#### RECORDS TO USE:

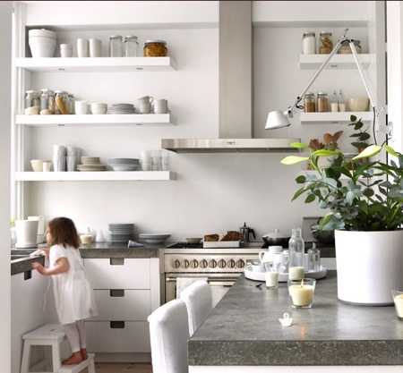 - Open shelves instead of tightly closed cabinets are not only decoration of the kitchen, but also adding extra space to it, because open shelves do not clutter up the room, but add air to it.
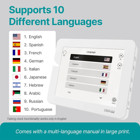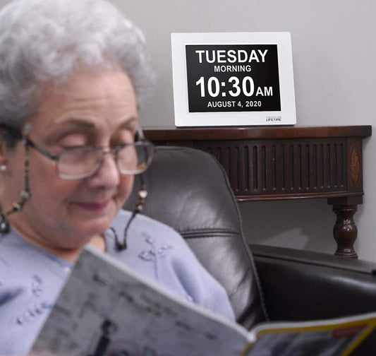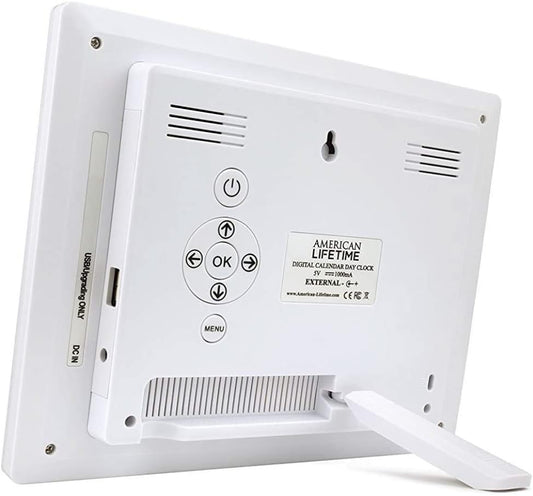 American Lifetime New 2025 Dementia Clock Large Digital Clock for Seniors, Alzeimer Clock Large Display with Custom Alarms, Clock with Day & Date for Elderly, Digital Calendar Premium White Pro
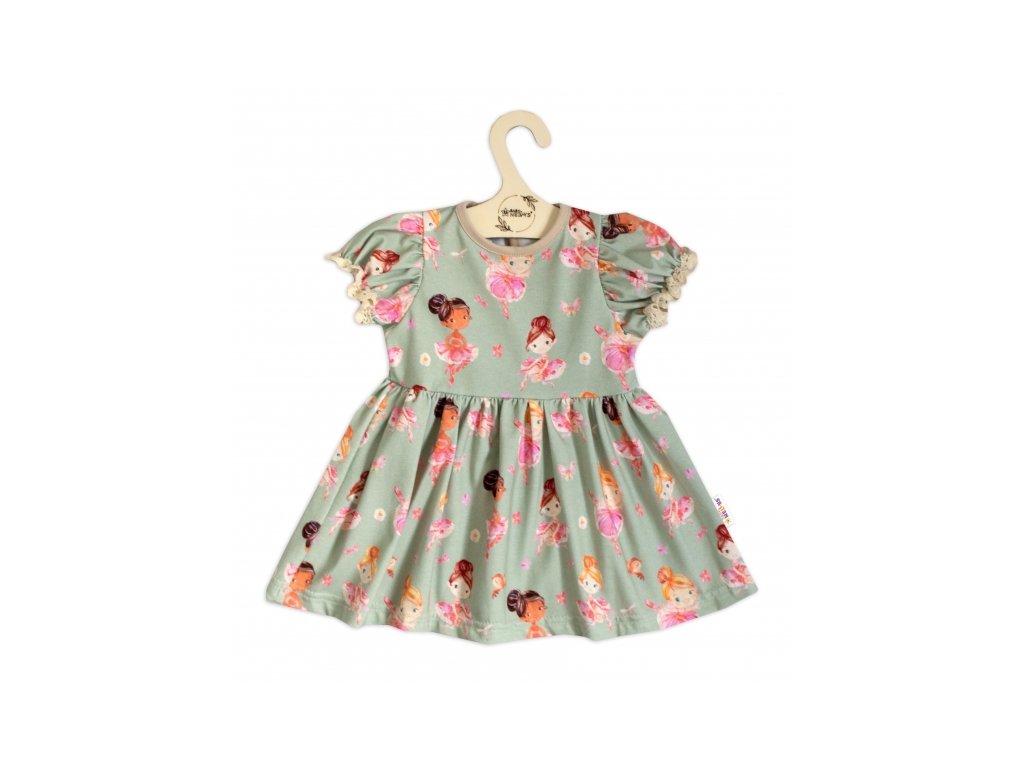 Bavlněné šatičky s ozdobným rukávkem Baletka, Baby Nellys, olivové
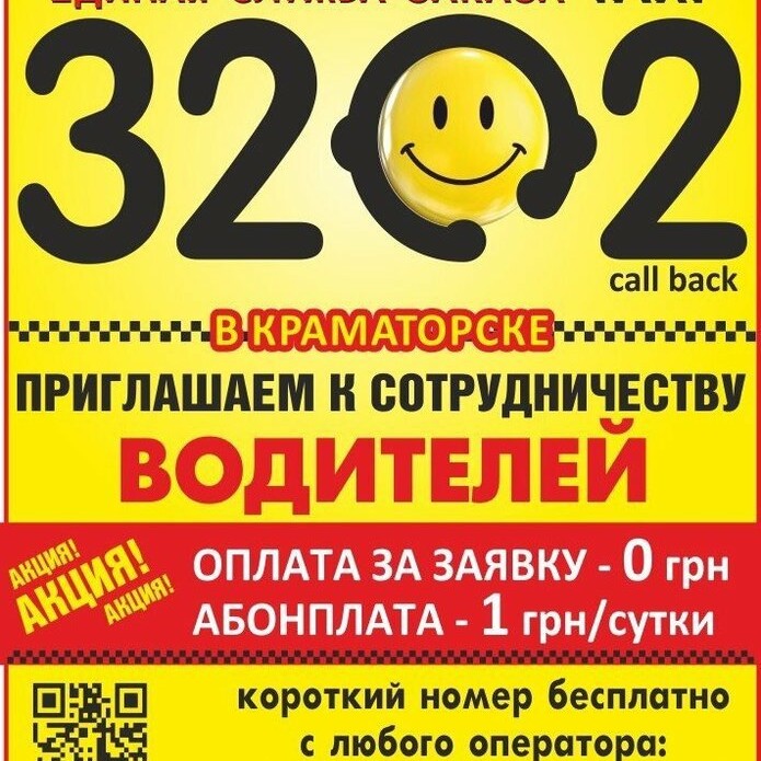 Единая служба заказа такси 3202 приглашает к сотрудничеству водителей для работы в г.Краматорск. Мы предлагаем Вам самые выгодные условия работы: свободный график ,максимальное количество заказов . Опытные диспетчера-логисты полностью обеспечивают Вас заказами. Для профессиональных таксистов - наилучшие условия работы! Присоединяйся к нашей команде и получи самые выгодные условия работы уже сейчас!
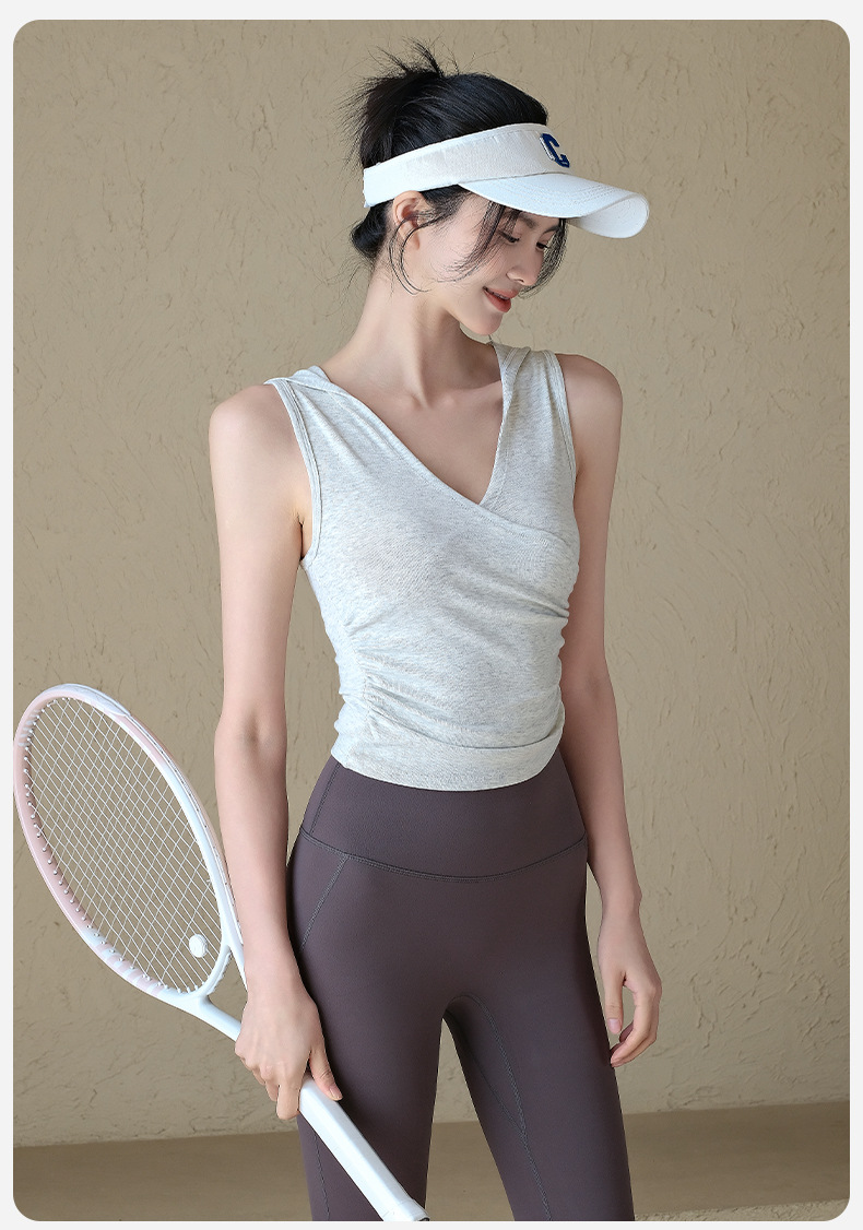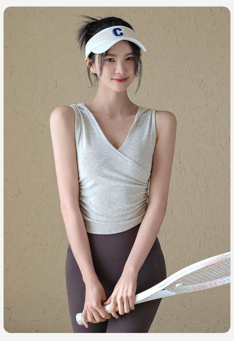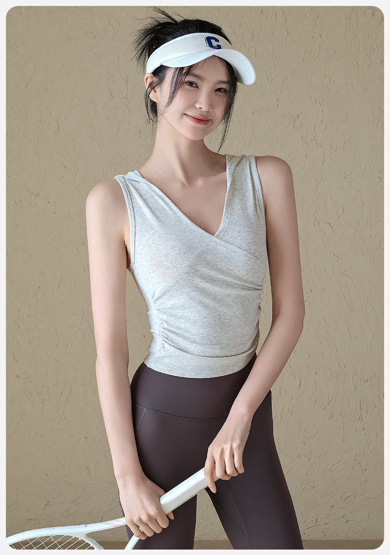 連帽V領無袖休閒跑步運動健身背心T恤罩衫短袖

#### TASK TO CARRY OUT:
Copy the final stretch of the entries exactly: the line containing "Единая служба заказа" and every line after it through the last. Include no pictures and nothing more.

#### COMPLETED TASK:
 Единая служба заказа такси 3202 приглашает к сотрудничеству водителей для работы в г.Краматорск. Мы предлагаем Вам самые выгодные условия работы: свободный график ,максимальное количество заказов . Опытные диспетчера-логисты полностью обеспечивают Вас заказами. Для профессиональных таксистов - наилучшие условия работы! Присоединяйся к нашей команде и получи самые выгодные условия работы уже сейчас!
 連帽V領無袖休閒跑步運動健身背心T恤罩衫短袖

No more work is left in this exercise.